Page 26 of The Blood Orchid
“He’s not an alchemist,” I said, nodding toward Wenshu. “Let him go.”
The man behind me laughed, finally releasing my collar and grabbing my arm instead. “Sorry if I don’t take your word for it.”
He tried to drag me toward the path, but I dug my heels into the sand. Wherever they wanted to take us, it would definitely be harder to break out of than this wide-open area. I grabbed fistfuls of fabric inside the bag around my hands and tried to tear it apart, managing to loosen the fabric before the guard struck me across the face. I bit down on my tongue, tasting blood as warmth rose to my cheek.
What a coward, I thought. He struck me with an open palm just because I was a woman. The Moon Alchemist had beaten me far worse than that.
I turned at the sound of Wenshu’s sharp cry. A soldier had twisted the broken arrow in his arm, sending fresh blood streaming down his sleeve. I went still, forcing myself not to fight back as a soldier tightened the sack around my arms and dragged me up the incline. I would have to break away later, when Wenshu was safe.
They pulled us to an open-air cart, the kind that traveling merchants used to transport hay bales. A soldier shackled meto the baseboard with a short chain, then sat down beside me. I tried to scoot away from him, but five other soldiers piled into the cart, and I had no choice but to sit crammed between them. Across from me, Wenshu was squished up against a corner, trying with all his might not to touch the soldier beside him.
“Try to jump, and you’ll be dragged under the wheels,” the soldier next to me said. “We won’t stop for you.”
“Don’t you need us in one piece to make all your gold?” I said, scanning the passing countryside for places to jump out without dying. But there was a steep drop leading to a river on each side of the path, nowhere to run for cover, no forest or city to disappear into. Even if I could unshackle us both before the guards could stop us, they would shoot us down with arrows before we made it ten feet.
“We need you alive,” the soldier said. “There’s a difference.”
The carriage descended into forest backroads, pulling us deeper into the hills and valleys of the northwest. As the trees swallowed the river in the distance, the dream of Baiyin vanished along with it.
Slowly, the landscape began to unmake me. The air out here was papery dry, cracking my lips, pulling apart the seams of my skin. I had grown up in a world that always felt like a rainstorm, but this part of the world stole moisture from your lips and tongue, dried out your eyes, cracked the skin of your knuckles.

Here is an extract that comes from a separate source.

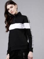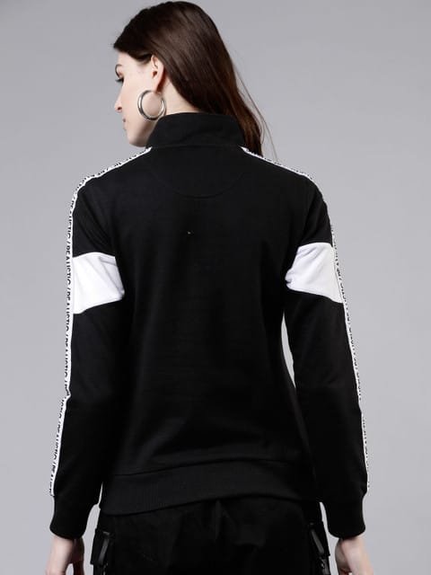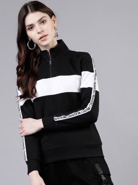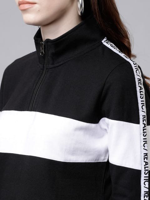 Black and white colourblocked pullover sweatshirt, has a high neck, long sleeves, zip closure, straight hem

Wenshu looked like a drowned puppy across from me, mouth clamped shut, shooting me a dark look as if warning me not to talk. It was probably a good thing that we were both drenched, because it would make it harder for anyone to recognize Wenshu as the Crown Prince. My bag made a peeping sound, and I scowled at it until it stopped, begging Durian to be silent, lest he end up on a skewer.

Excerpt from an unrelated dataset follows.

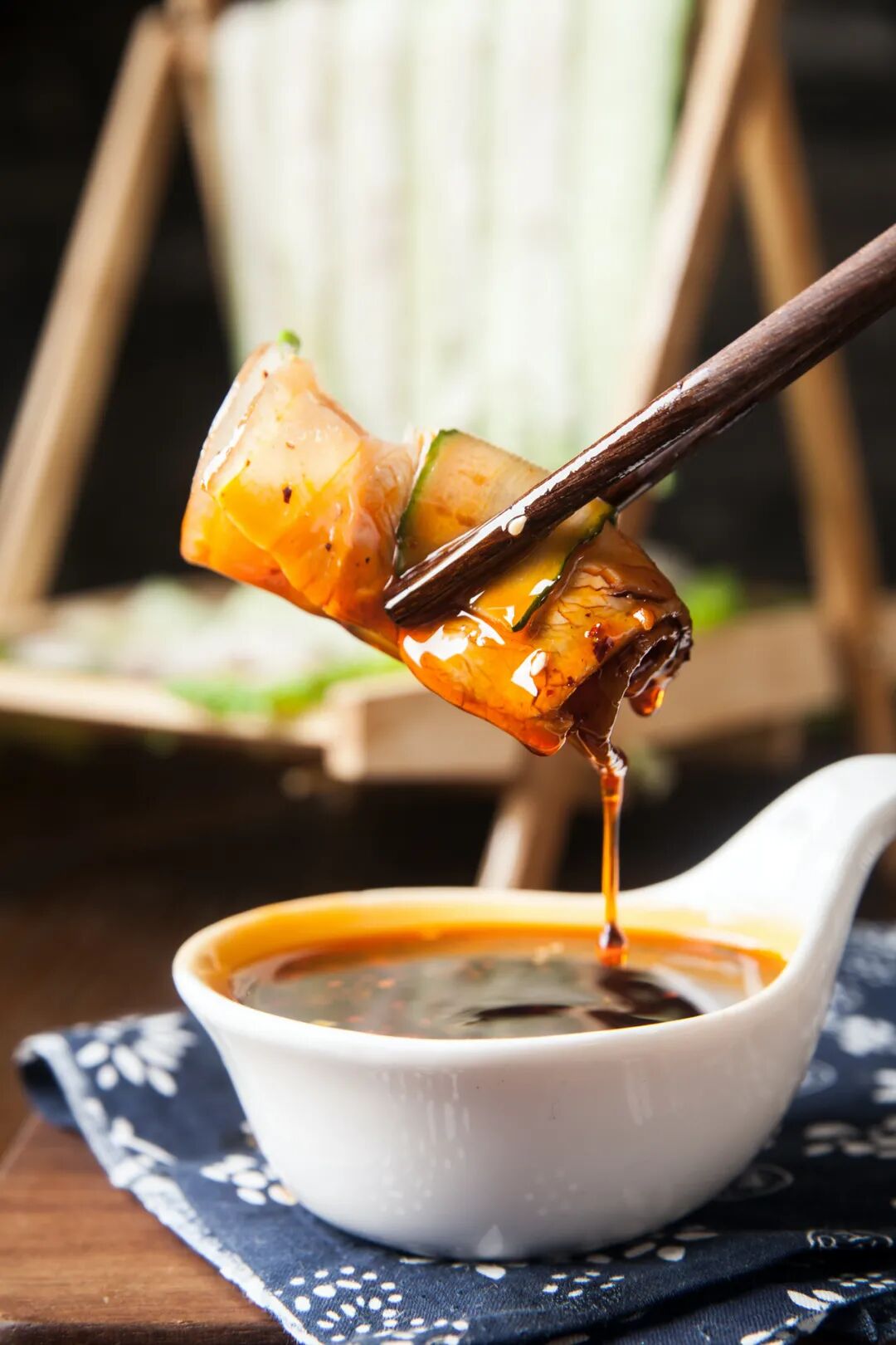 白肉好吃,少不了蘸水的衬托。李庄白肉的蘸水各家略有不同,有的突出蒜香,有的突出红油麻香。配上蘸水的白肉香润盈口,十分清爽。在云南,还有类似的凉白肉,蘸水是甜酱油、芝麻酱、辣油等配制,甜酱油让凉白肉多了一层咸鲜回甜的口味。

They were almost certainly taking us to a prison for alchemists, to be starved and tortured until we made life gold. They wouldn’t care if Wenshu swore up and down that he wasn’t an alchemist—surely lots of real alchemists said the same. Once they tossed us in with a mass of prisoners, when there weren’t so many eyes on us, that was when we’d escape.
The world began to slope upward, tipping me against a disgruntled soldier who smelled of fish, closer and closer toward the white sun. At last, the ground leveled and we arrived at a clearing among the tangled branches. A cracked clay building stood alone in the shade, its white paint so scratched and chipped that it looked like a serpent shedding old skin. It was large enough to be an aristocrat’s summer house, if not for the disrepair and the perimeter of silver guards that watched us stonily as the cart lurched closer.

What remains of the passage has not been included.